[Dataset excerpts]
____________
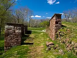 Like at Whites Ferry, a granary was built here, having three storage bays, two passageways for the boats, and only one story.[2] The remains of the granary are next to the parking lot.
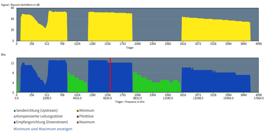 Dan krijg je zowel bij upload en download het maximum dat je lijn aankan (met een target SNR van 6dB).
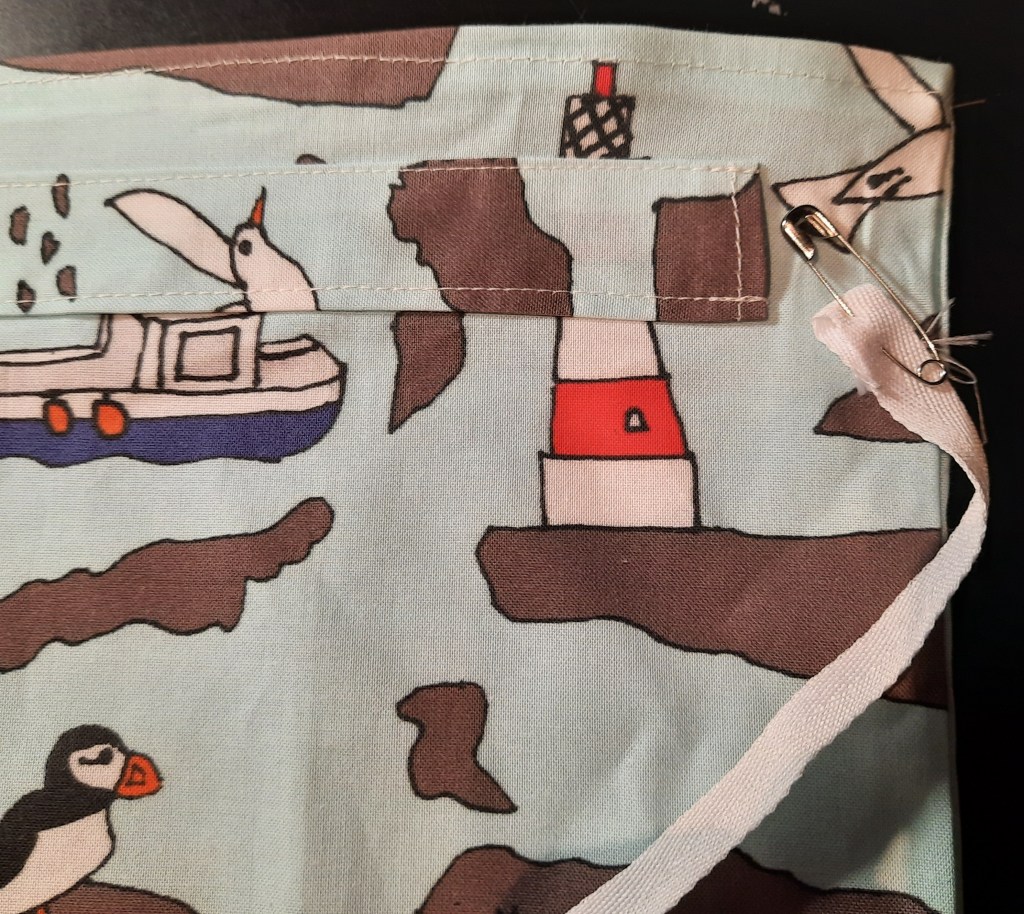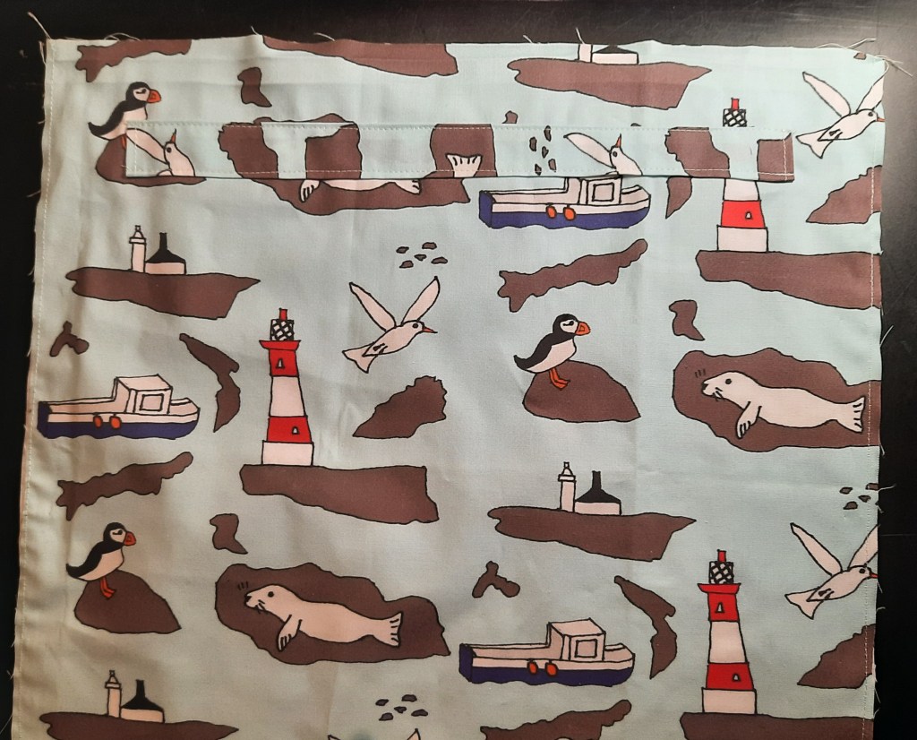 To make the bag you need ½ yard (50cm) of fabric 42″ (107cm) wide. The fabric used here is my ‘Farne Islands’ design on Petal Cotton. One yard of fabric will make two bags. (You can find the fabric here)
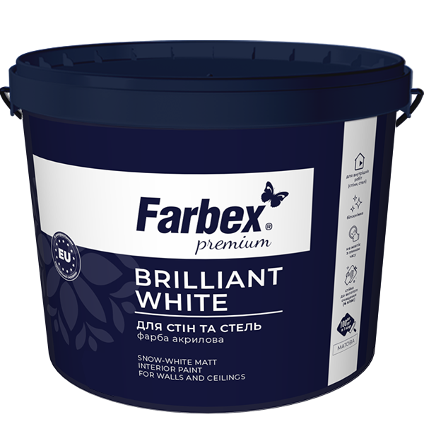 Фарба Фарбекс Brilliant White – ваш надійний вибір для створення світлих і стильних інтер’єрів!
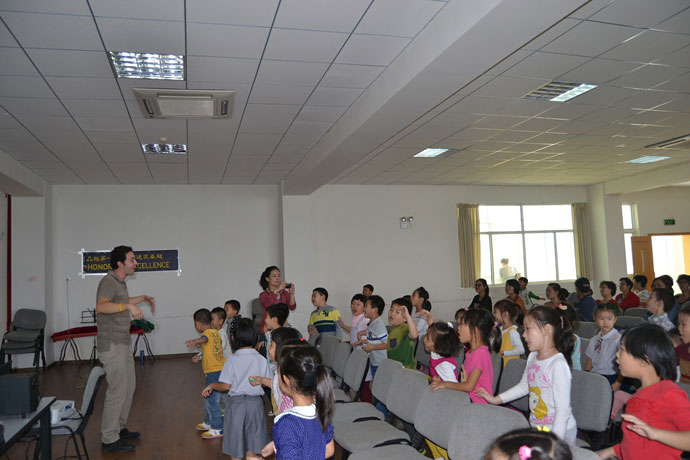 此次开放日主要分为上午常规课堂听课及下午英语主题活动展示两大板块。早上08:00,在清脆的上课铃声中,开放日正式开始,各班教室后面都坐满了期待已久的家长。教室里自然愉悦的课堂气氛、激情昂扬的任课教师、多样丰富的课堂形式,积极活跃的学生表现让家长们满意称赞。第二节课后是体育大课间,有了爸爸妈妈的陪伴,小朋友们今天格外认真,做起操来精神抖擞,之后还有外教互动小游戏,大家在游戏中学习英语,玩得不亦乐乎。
____________
EXERCISE AIM
Every line of the data is to be transcribed exactly, and no picture is to be included.

SOLUTION FOR THIS PROBLEM
 Like at Whites Ferry, a granary was built here, having three storage bays, two passageways for the boats, and only one story.[2] The remains of the granary are next to the parking lot.
 Dan krijg je zowel bij upload en download het maximum dat je lijn aankan (met een target SNR van 6dB).
 To make the bag you need ½ yard (50cm) of fabric 42″ (107cm) wide. The fabric used here is my ‘Farne Islands’ design on Petal Cotton. One yard of fabric will make two bags. (You can find the fabric here)
 Фарба Фарбекс Brilliant White – ваш надійний вибір для створення світлих і стильних інтер’єрів!
 此次开放日主要分为上午常规课堂听课及下午英语主题活动展示两大板块。早上08:00,在清脆的上课铃声中,开放日正式开始,各班教室后面都坐满了期待已久的家长。教室里自然愉悦的课堂气氛、激情昂扬的任课教师、多样丰富的课堂形式,积极活跃的学生表现让家长们满意称赞。第二节课后是体育大课间,有了爸爸妈妈的陪伴,小朋友们今天格外认真,做起操来精神抖擞,之后还有外教互动小游戏,大家在游戏中学习英语,玩得不亦乐乎。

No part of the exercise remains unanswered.